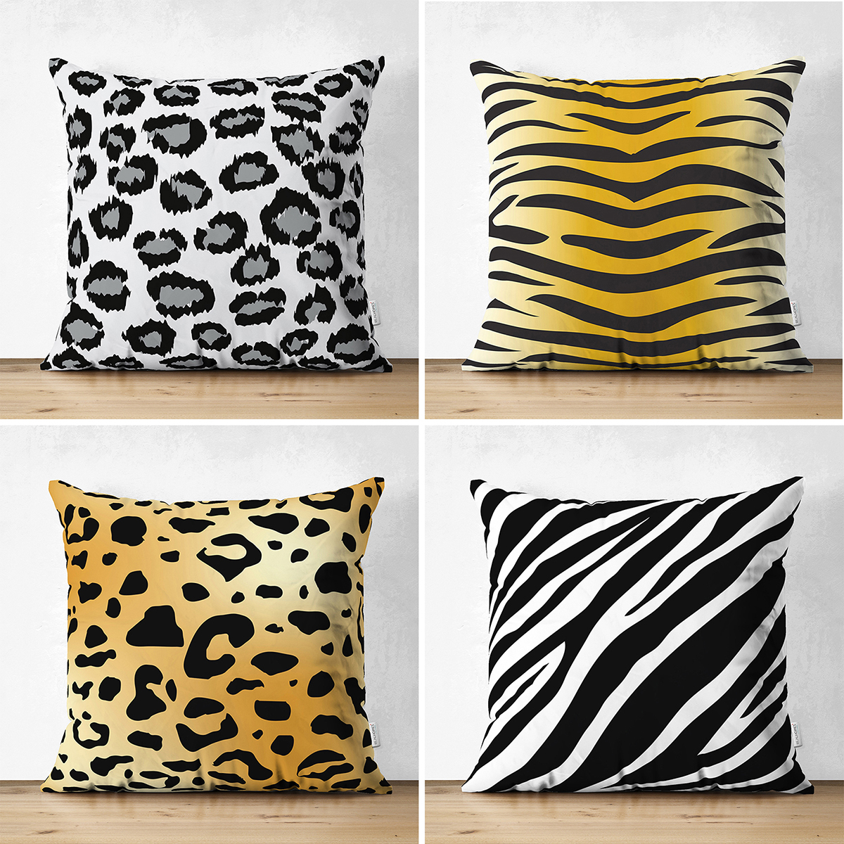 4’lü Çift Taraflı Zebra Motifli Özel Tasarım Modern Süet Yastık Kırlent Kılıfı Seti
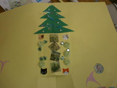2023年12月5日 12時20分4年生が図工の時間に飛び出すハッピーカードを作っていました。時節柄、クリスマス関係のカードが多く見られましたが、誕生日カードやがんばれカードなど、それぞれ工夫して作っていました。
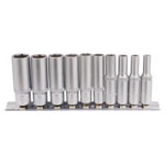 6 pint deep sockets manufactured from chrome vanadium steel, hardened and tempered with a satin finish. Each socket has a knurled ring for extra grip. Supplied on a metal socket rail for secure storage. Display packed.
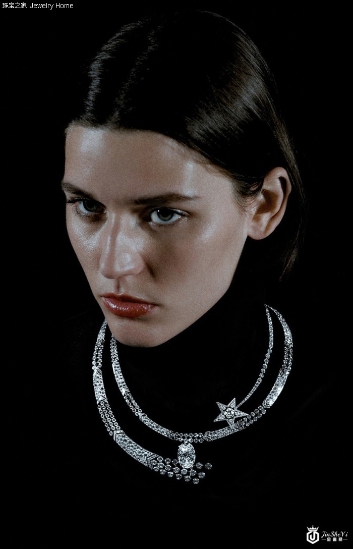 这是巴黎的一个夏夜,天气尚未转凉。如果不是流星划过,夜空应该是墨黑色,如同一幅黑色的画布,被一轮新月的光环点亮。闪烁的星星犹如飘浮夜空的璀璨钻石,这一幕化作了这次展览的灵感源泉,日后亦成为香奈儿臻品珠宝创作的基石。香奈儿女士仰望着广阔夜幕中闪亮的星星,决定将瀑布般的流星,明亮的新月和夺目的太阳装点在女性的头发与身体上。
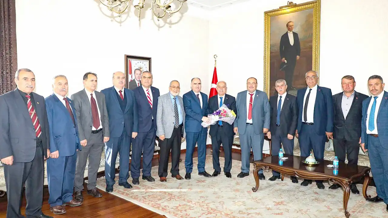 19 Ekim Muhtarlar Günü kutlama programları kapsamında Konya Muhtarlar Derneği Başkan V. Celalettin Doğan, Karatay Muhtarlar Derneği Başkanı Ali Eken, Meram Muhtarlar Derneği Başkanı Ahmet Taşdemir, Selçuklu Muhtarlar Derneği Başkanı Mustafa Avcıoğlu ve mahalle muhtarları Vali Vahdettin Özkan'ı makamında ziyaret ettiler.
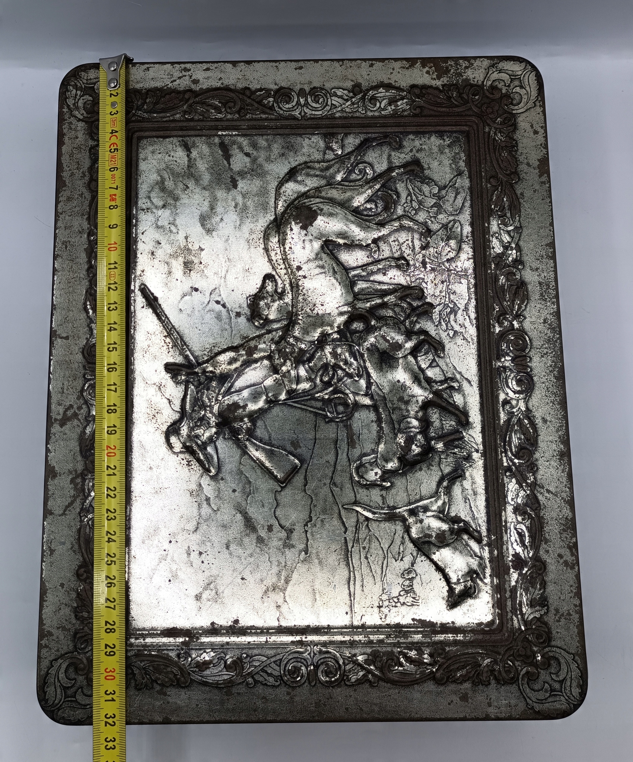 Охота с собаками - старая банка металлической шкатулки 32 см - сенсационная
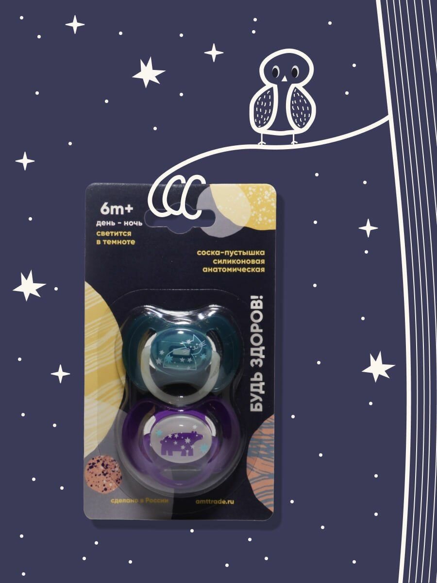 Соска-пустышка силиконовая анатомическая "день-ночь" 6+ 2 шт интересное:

• • • • • • •

▶ [Task item]:
The answer must be the entries above, printed exactly, with no pictures.

▶ [Exercise output]:
 4’lü Çift Taraflı Zebra Motifli Özel Tasarım Modern Süet Yastık Kırlent Kılıfı Seti
2023年12月5日 12時20分4年生が図工の時間に飛び出すハッピーカードを作っていました。時節柄、クリスマス関係のカードが多く見られましたが、誕生日カードやがんばれカードなど、それぞれ工夫して作っていました。
 6 pint deep sockets manufactured from chrome vanadium steel, hardened and tempered with a satin finish. Each socket has a knurled ring for extra grip. Supplied on a metal socket rail for secure storage. Display packed.
 这是巴黎的一个夏夜,天气尚未转凉。如果不是流星划过,夜空应该是墨黑色,如同一幅黑色的画布,被一轮新月的光环点亮。闪烁的星星犹如飘浮夜空的璀璨钻石,这一幕化作了这次展览的灵感源泉,日后亦成为香奈儿臻品珠宝创作的基石。香奈儿女士仰望着广阔夜幕中闪亮的星星,决定将瀑布般的流星,明亮的新月和夺目的太阳装点在女性的头发与身体上。
 19 Ekim Muhtarlar Günü kutlama programları kapsamında Konya Muhtarlar Derneği Başkan V. Celalettin Doğan, Karatay Muhtarlar Derneği Başkanı Ali Eken, Meram Muhtarlar Derneği Başkanı Ahmet Taşdemir, Selçuklu Muhtarlar Derneği Başkanı Mustafa Avcıoğlu ve mahalle muhtarları Vali Vahdettin Özkan'ı makamında ziyaret ettiler.
 Охота с собаками - старая банка металлической шкатулки 32 см - сенсационная
 Соска-пустышка силиконовая анатомическая "день-ночь" 6+ 2 шт интересное:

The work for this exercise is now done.